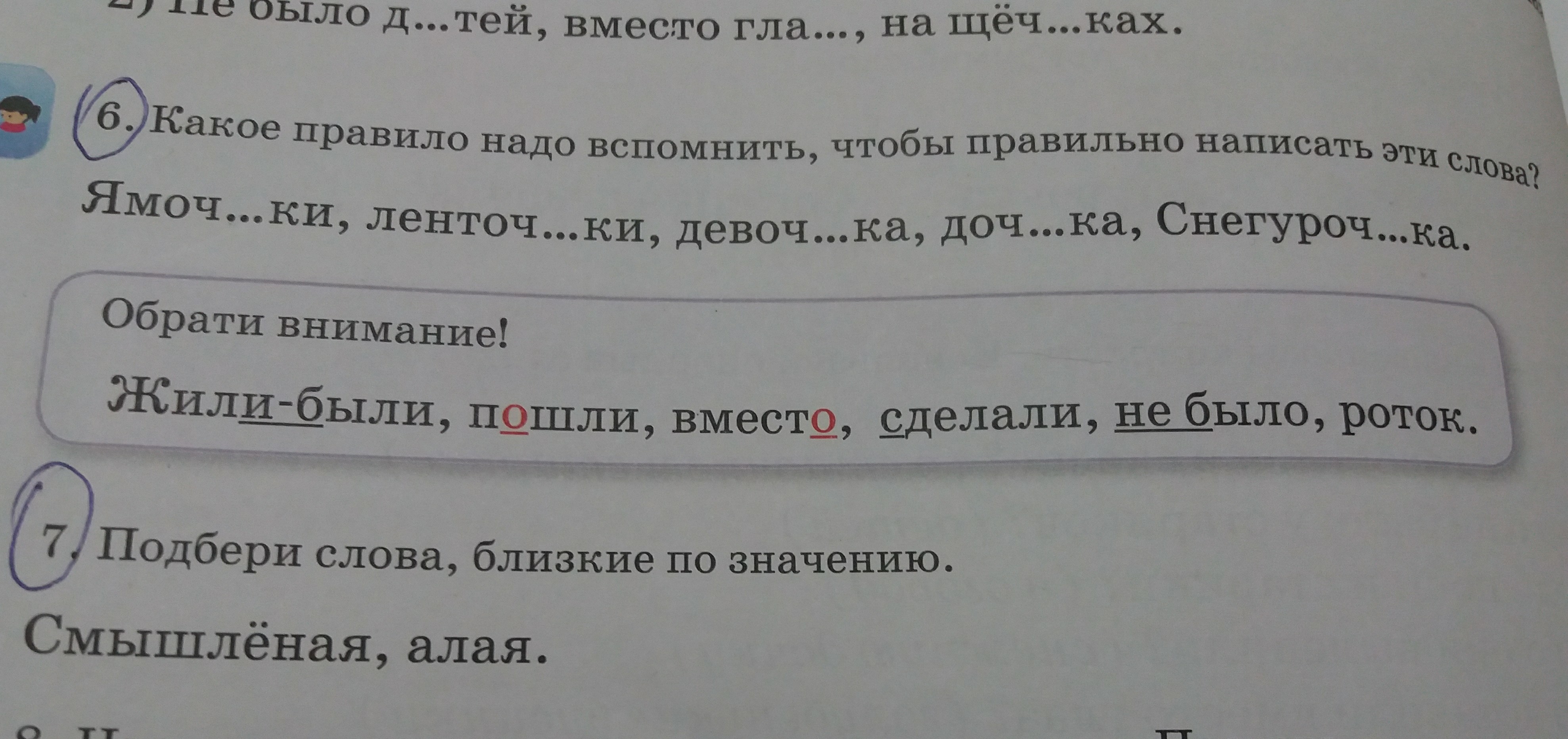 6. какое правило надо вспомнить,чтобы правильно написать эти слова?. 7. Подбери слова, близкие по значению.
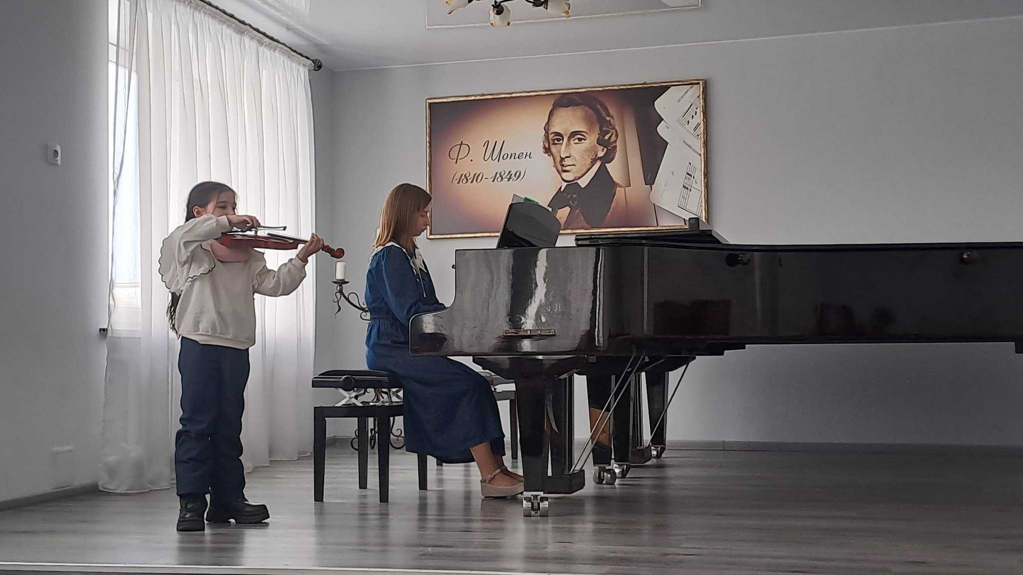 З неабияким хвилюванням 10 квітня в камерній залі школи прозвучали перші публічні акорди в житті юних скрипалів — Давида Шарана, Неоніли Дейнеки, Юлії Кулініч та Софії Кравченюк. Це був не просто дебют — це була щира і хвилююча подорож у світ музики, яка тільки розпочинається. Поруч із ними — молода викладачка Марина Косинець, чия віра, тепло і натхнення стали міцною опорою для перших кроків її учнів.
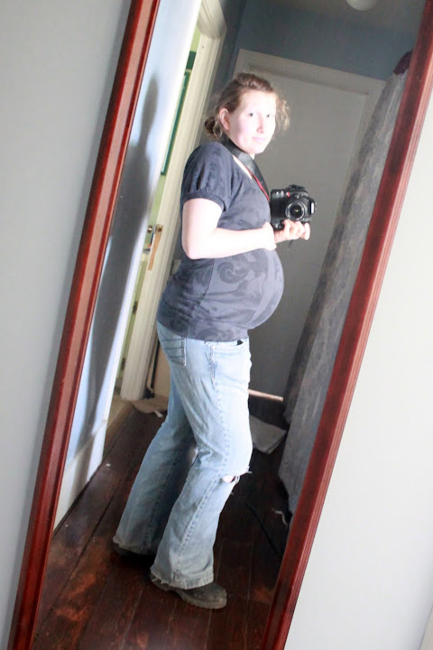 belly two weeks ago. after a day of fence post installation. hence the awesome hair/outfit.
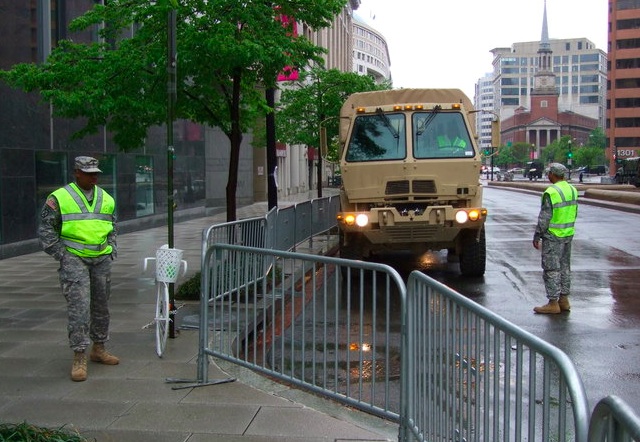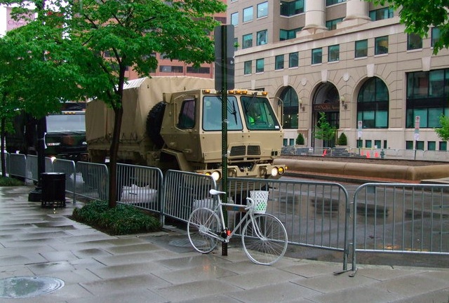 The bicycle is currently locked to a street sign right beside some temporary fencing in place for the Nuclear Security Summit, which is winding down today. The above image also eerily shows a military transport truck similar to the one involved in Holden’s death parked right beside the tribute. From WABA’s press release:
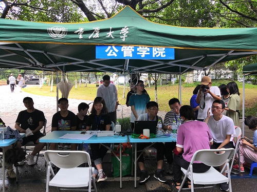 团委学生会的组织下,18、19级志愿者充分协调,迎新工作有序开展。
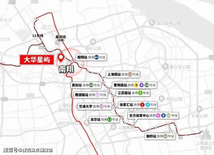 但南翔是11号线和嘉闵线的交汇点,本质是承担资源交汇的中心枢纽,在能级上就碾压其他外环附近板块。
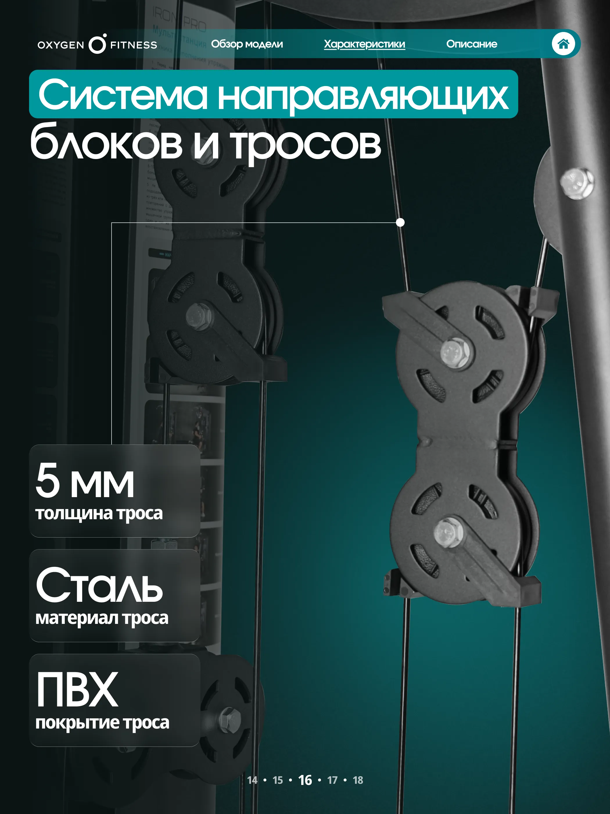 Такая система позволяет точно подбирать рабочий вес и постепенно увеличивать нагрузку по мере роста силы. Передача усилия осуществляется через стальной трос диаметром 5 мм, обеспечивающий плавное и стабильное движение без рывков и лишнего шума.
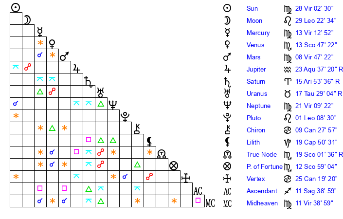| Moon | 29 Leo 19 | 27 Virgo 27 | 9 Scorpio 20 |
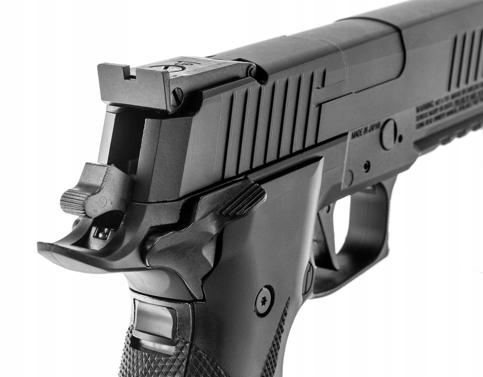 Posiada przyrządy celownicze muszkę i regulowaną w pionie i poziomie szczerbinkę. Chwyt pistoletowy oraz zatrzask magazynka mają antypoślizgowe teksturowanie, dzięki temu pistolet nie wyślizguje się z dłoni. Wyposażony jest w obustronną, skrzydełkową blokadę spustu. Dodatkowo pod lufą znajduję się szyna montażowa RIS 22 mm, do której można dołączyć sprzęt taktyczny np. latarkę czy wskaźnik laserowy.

## Exercise objective:
Please output exactly the lines of the data above, from its first line through the line with "但南翔是11号线和嘉闵线的交", and nothing else; drop the pictures.

## Exercise solution:
 6. какое правило надо вспомнить,чтобы правильно написать эти слова?. 7. Подбери слова, близкие по значению.
 З неабияким хвилюванням 10 квітня в камерній залі школи прозвучали перші публічні акорди в житті юних скрипалів — Давида Шарана, Неоніли Дейнеки, Юлії Кулініч та Софії Кравченюк. Це був не просто дебют — це була щира і хвилююча подорож у світ музики, яка тільки розпочинається. Поруч із ними — молода викладачка Марина Косинець, чия віра, тепло і натхнення стали міцною опорою для перших кроків її учнів.
 belly two weeks ago. after a day of fence post installation. hence the awesome hair/outfit.
 The bicycle is currently locked to a street sign right beside some temporary fencing in place for the Nuclear Security Summit, which is winding down today. The above image also eerily shows a military transport truck similar to the one involved in Holden’s death parked right beside the tribute. From WABA’s press release:
 团委学生会的组织下,18、19级志愿者充分协调,迎新工作有序开展。
 但南翔是11号线和嘉闵线的交汇点,本质是承担资源交汇的中心枢纽,在能级上就碾压其他外环附近板块。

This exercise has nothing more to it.